EXERCISE OBJECTIVE: Reproduce exactly the lines from the start of the records through the line containing "fast charge triggers.", both included. Leave the pictures out.

'''

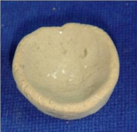 | Description / विवरण | Coarse terracotta vessel - a tiny bowl, with circular rim, shallow, tapering body and broad, flat and circular base. It is hand made. |
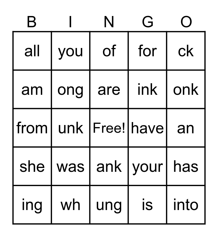 This bingo card has a free space and 29 words: ing, ch, unk, ang, all, of, ong, was, have, wh, an, into, ung, is, onk, th, ank, she, ck, from, your, sh, ink, am, for, you, has, are and here.
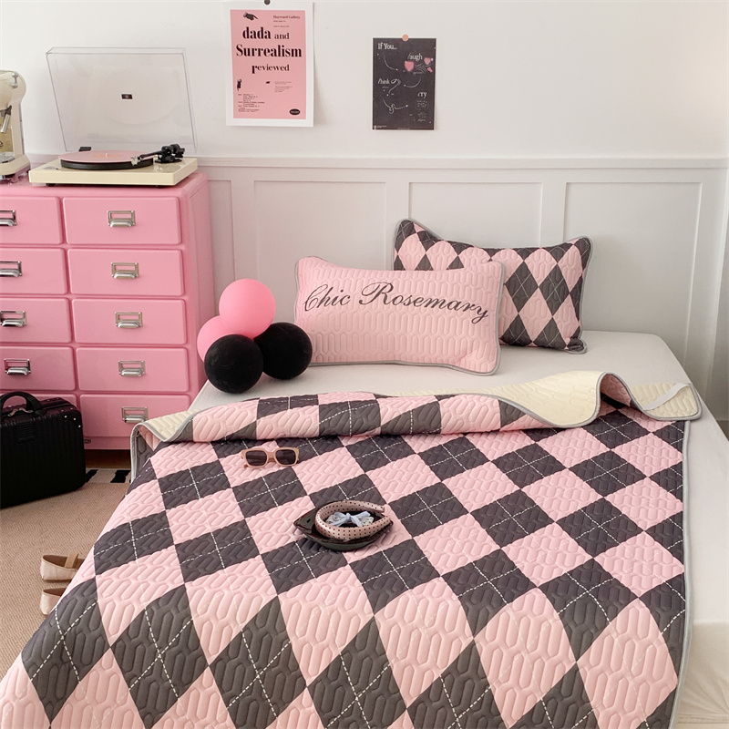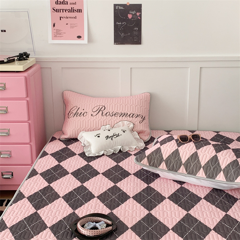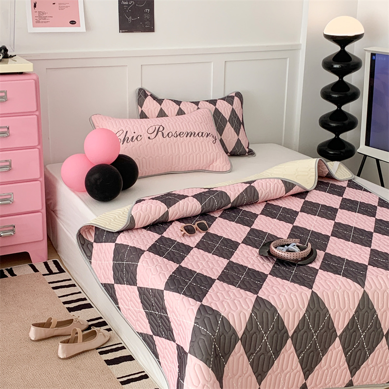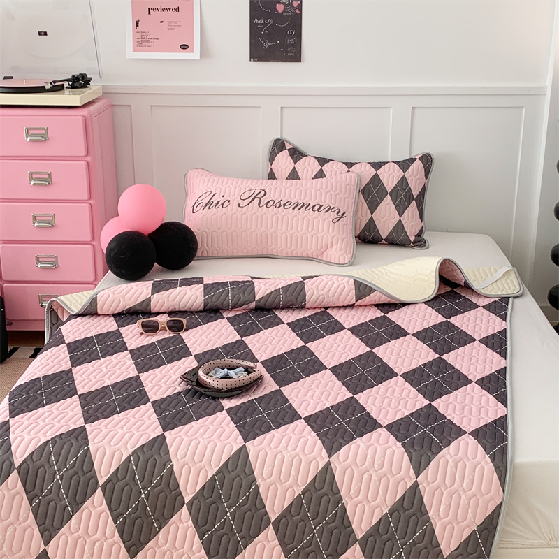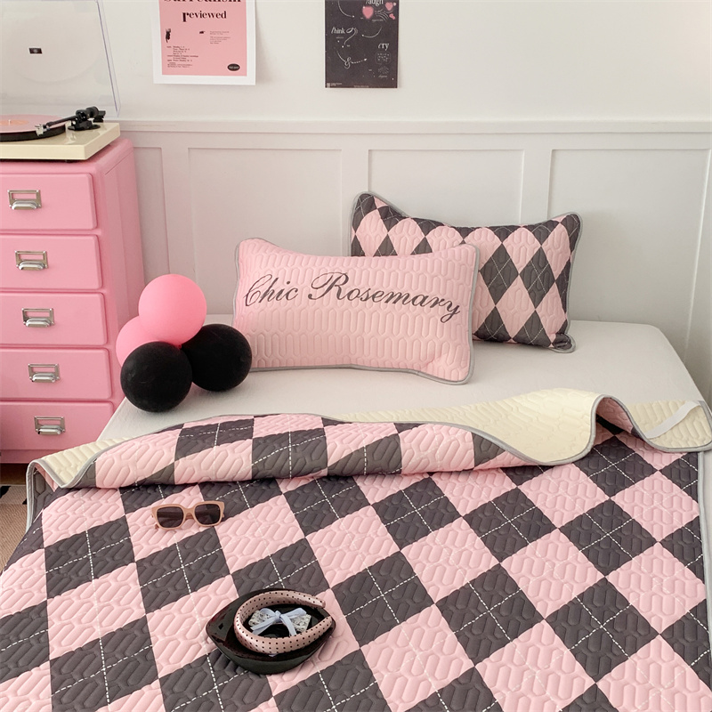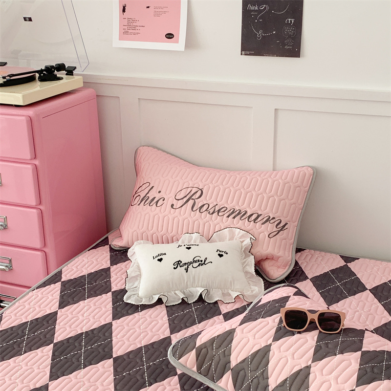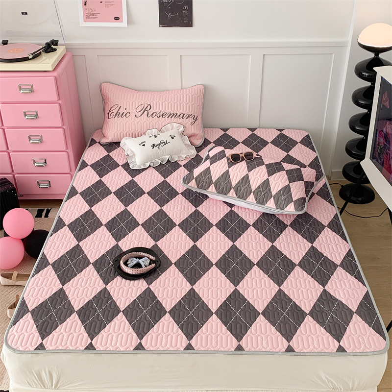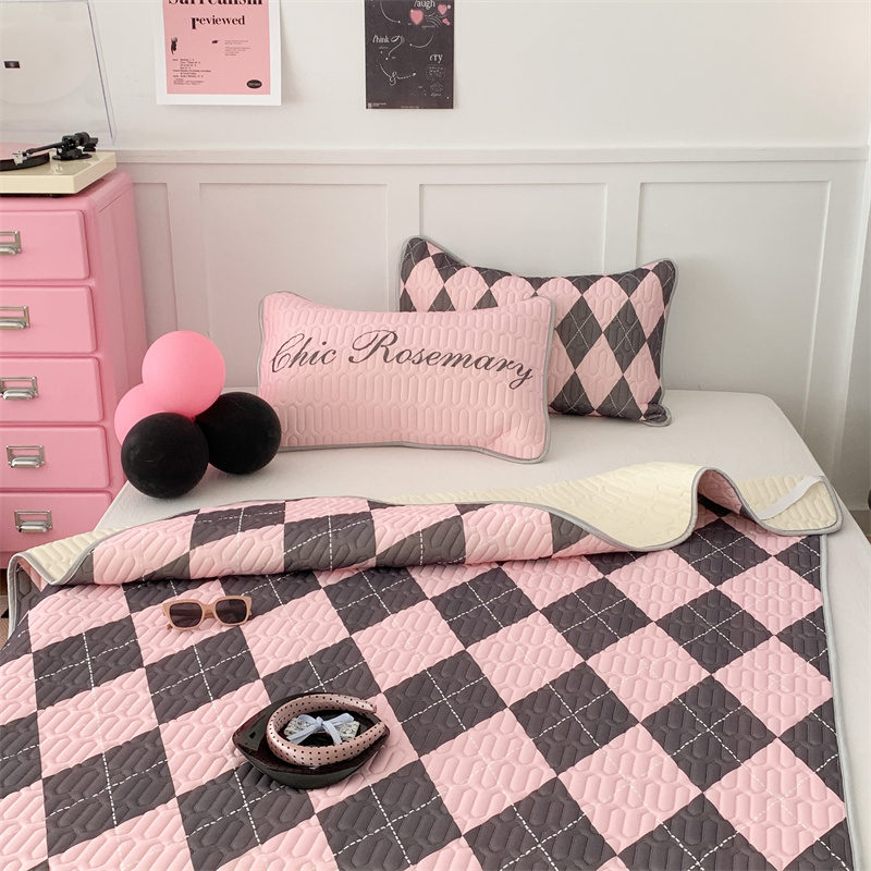 昔可家纺 2023新款甜酷黑粉系列乳胶凉席 学院菱格黑粉色
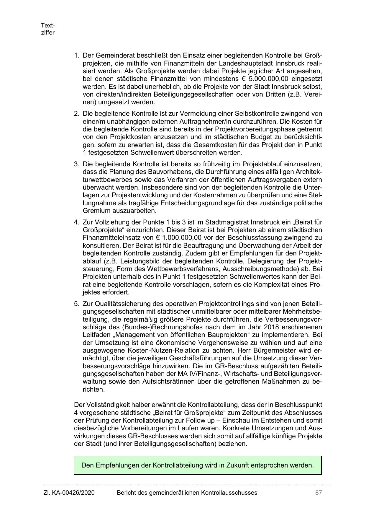 1. Der Gemeinderat beschließt den Einsatz einer begleitenden Kontrolle bei Großprojekten, die mithilfe von Finanzmitteln der Landeshauptstadt Innsbruck realisiert werden. Als Großprojekte werden dabei Projekte jeglicher Art angesehen,
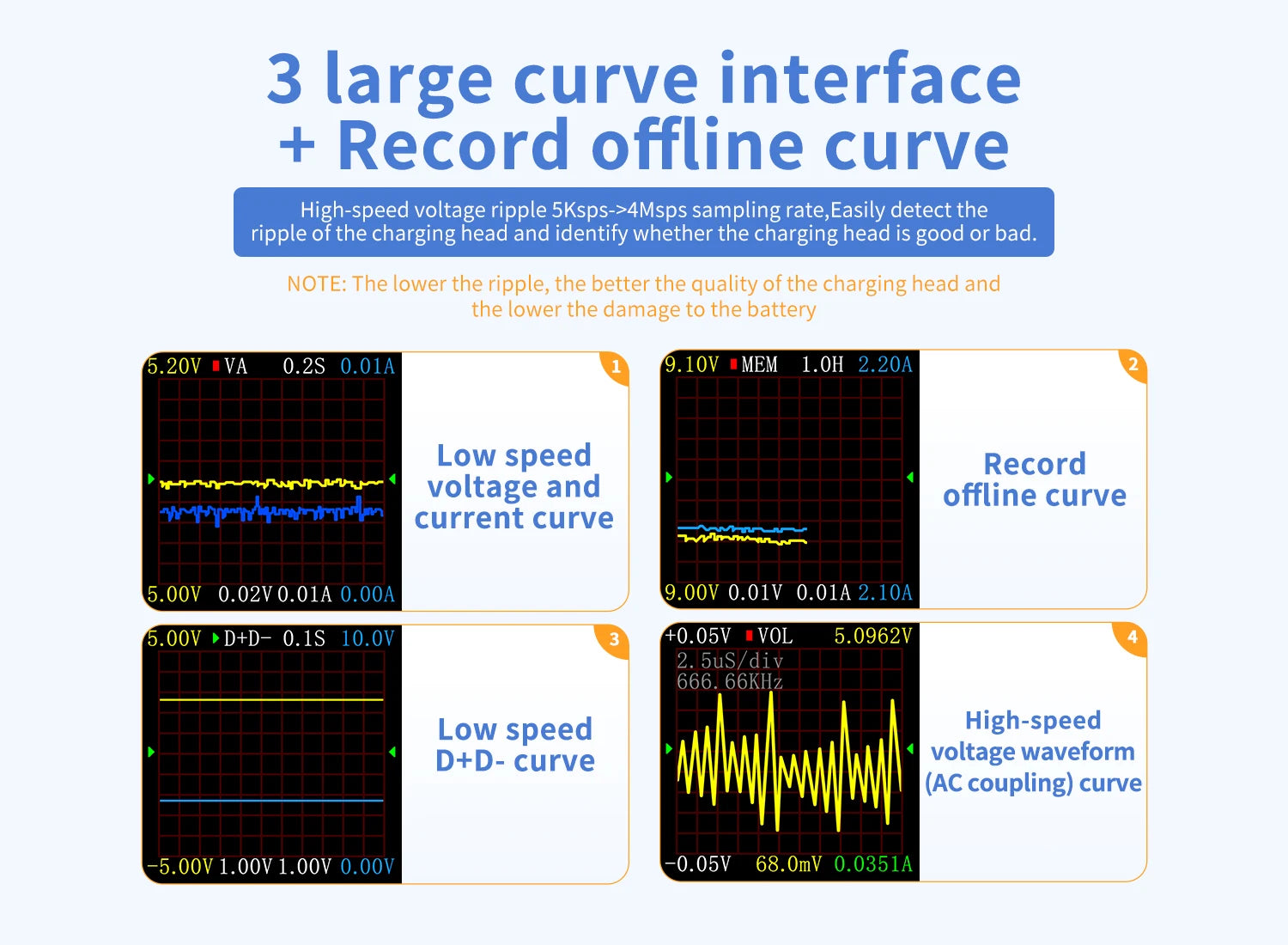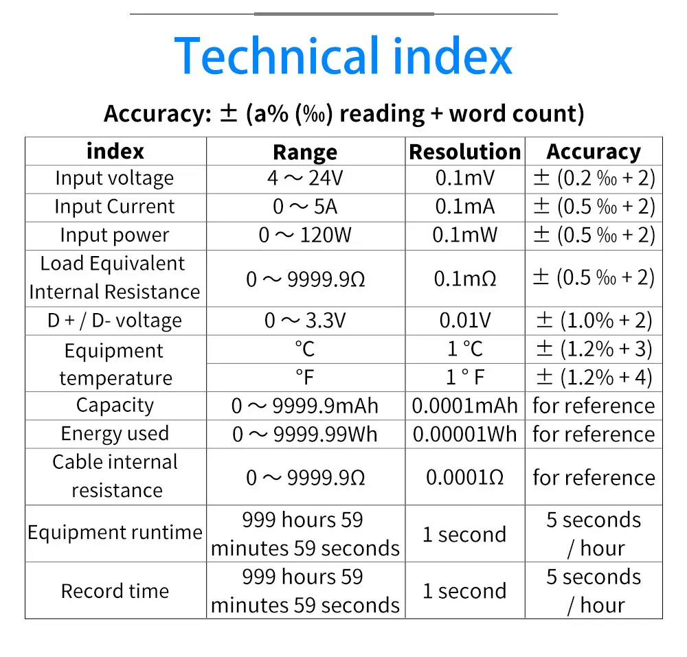• It is a USB tester with high reliability and security for detecting the USB voltage and current and a mobile communication terminal fast charge triggers.
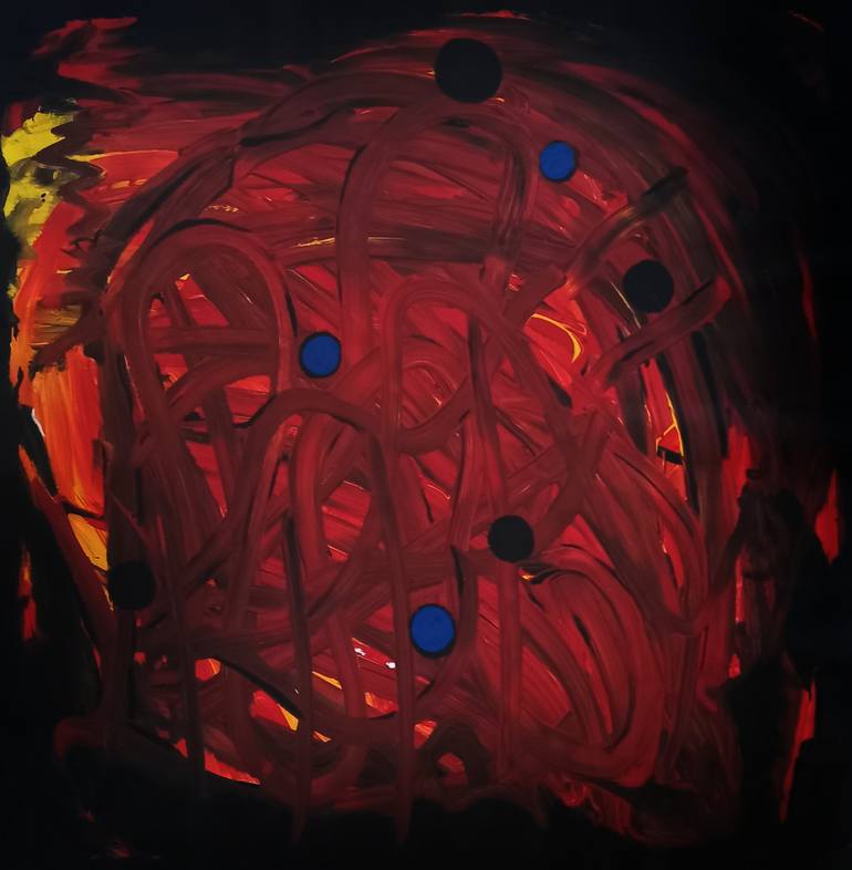 My inspiration is Umberto Boccioni's paintings. In "Gymnasts" I depict action. But softer, smoother, calmer. I show dynamics with color, curves, contrasts. Water-based acrylic latex enamel, synthetic canvas, 2023 I work without stretcher, in Jackson Pollock style. I call this style associative exp...
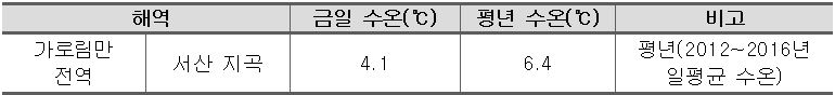 - 금일 현재 충남 가로림만 수온은 평균 4.1℃(2.7~6.4℃ 범위)를 나타내고 있음.
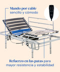 • Cama articulada: Somier eléctrico con estructura de acero reforzado y lamas anchas de madera para un apoyo seguro. Se regula fácilmente con mando por cable, permitiendo articular respaldo y piernas con total comodidad. Compatible con accesorios opcionales.
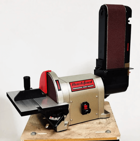 Doppelschleifmaschine: Eine große elektrische, stationäre Schleifmaschine eignet sich in Kombination mit einem Schwingschleifer hervorragend zum Formen und Glätten von Holz. Anstatt das Schleifwerkzeug über das Holz zu führen, bewegen Sie das Holz gegen das Schleifwerkzeug. Ich verwende gerne eine Doppelschleifmaschine, nachdem ich ein Stück für einen Untersetzer zugeschnitten habe. Ich finde, dass ich mit einer größeren Schleifmaschine wie dieser Kanten und Oberflächen schneller glätten kann als mit einem Schwingschleifer. Die abgebildete Doppelschleifmaschine ist ein 2-in-1-Band- und Tellerschleifer.
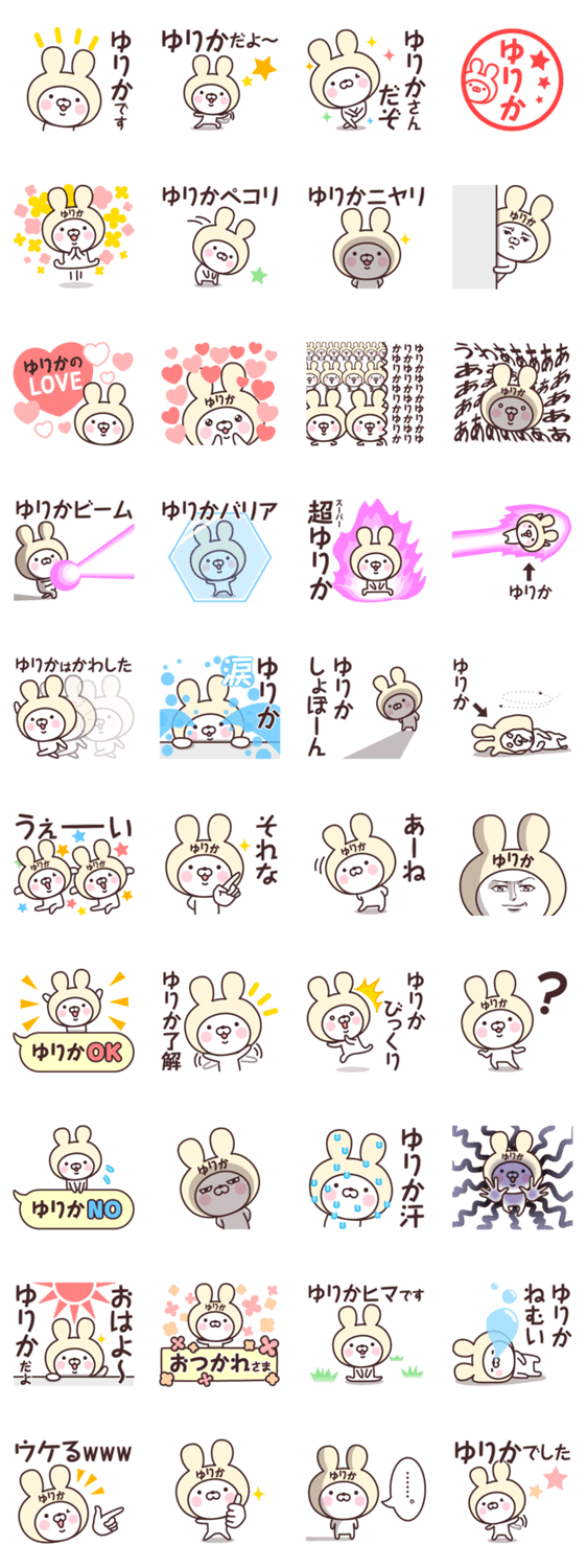 【ゆりか】の名前うさぎ -LINEスタンプマニア
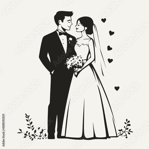 bride, groom, wedding, love, marriage, couple, heart, black-and-white, silhouette, romance, celebration, togetherness, oneness, romantic, formal, bride and groom, commitment, wedding day, elegant, bridal gown, tuxedo, honeymooners, classic, timeless, simplicity, bridal bouquet, affection, happiness, wedding ceremony, joyful, bond, emotional, vector, illustration, married, flower, bridal, wife, cartoon, invitation
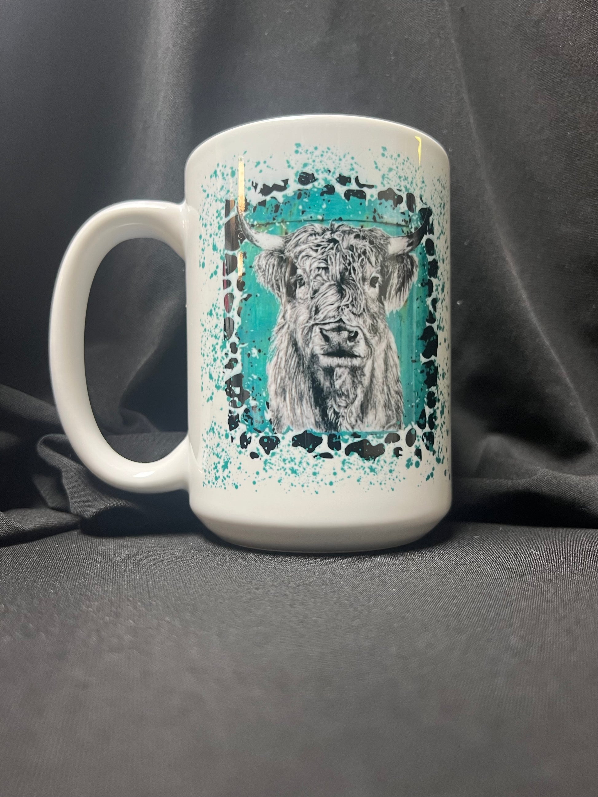 15 OZ CERAMIC GLASS MUG - Highland Cow
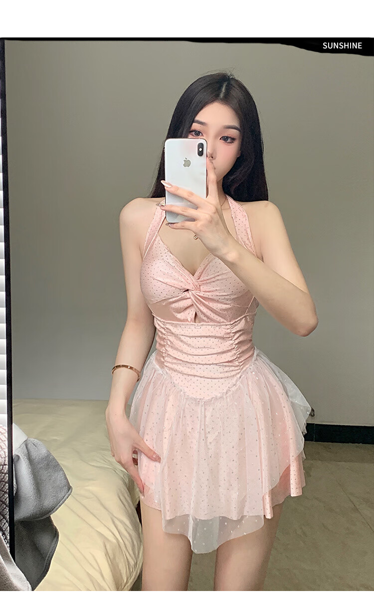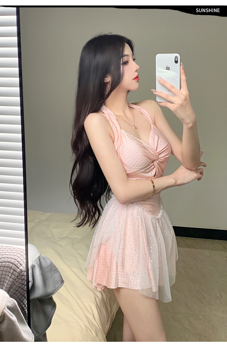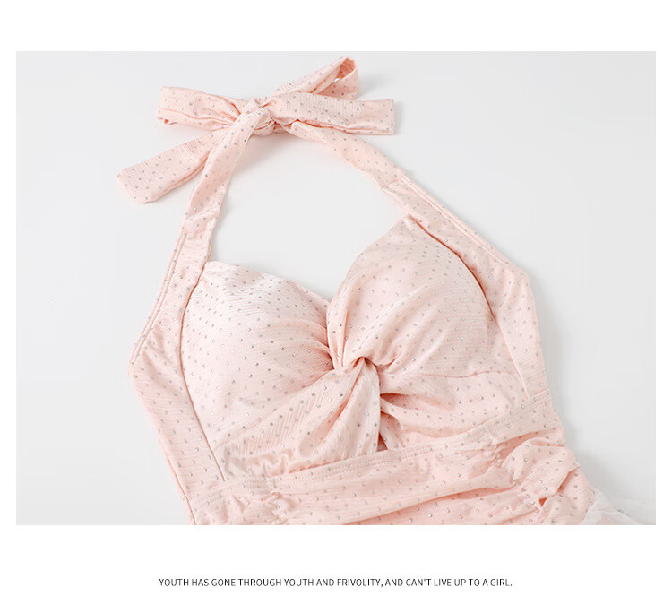 2025 new style halter neck swimsuit for women, high-end one-piece covering belly, slimming, pure desire student, sweet girl, beach vacation, pink L, recommended 95-105 Jin Jin is equal to 0.5 kg

'''

FINAL ANSWER:
 | Description / विवरण | Coarse terracotta vessel - a tiny bowl, with circular rim, shallow, tapering body and broad, flat and circular base. It is hand made. |
 This bingo card has a free space and 29 words: ing, ch, unk, ang, all, of, ong, was, have, wh, an, into, ung, is, onk, th, ank, she, ck, from, your, sh, ink, am, for, you, has, are and here.
 昔可家纺 2023新款甜酷黑粉系列乳胶凉席 学院菱格黑粉色
 1. Der Gemeinderat beschließt den Einsatz einer begleitenden Kontrolle bei Großprojekten, die mithilfe von Finanzmitteln der Landeshauptstadt Innsbruck realisiert werden. Als Großprojekte werden dabei Projekte jeglicher Art angesehen,
• It is a USB tester with high reliability and security for detecting the USB voltage and current and a mobile communication terminal fast charge triggers.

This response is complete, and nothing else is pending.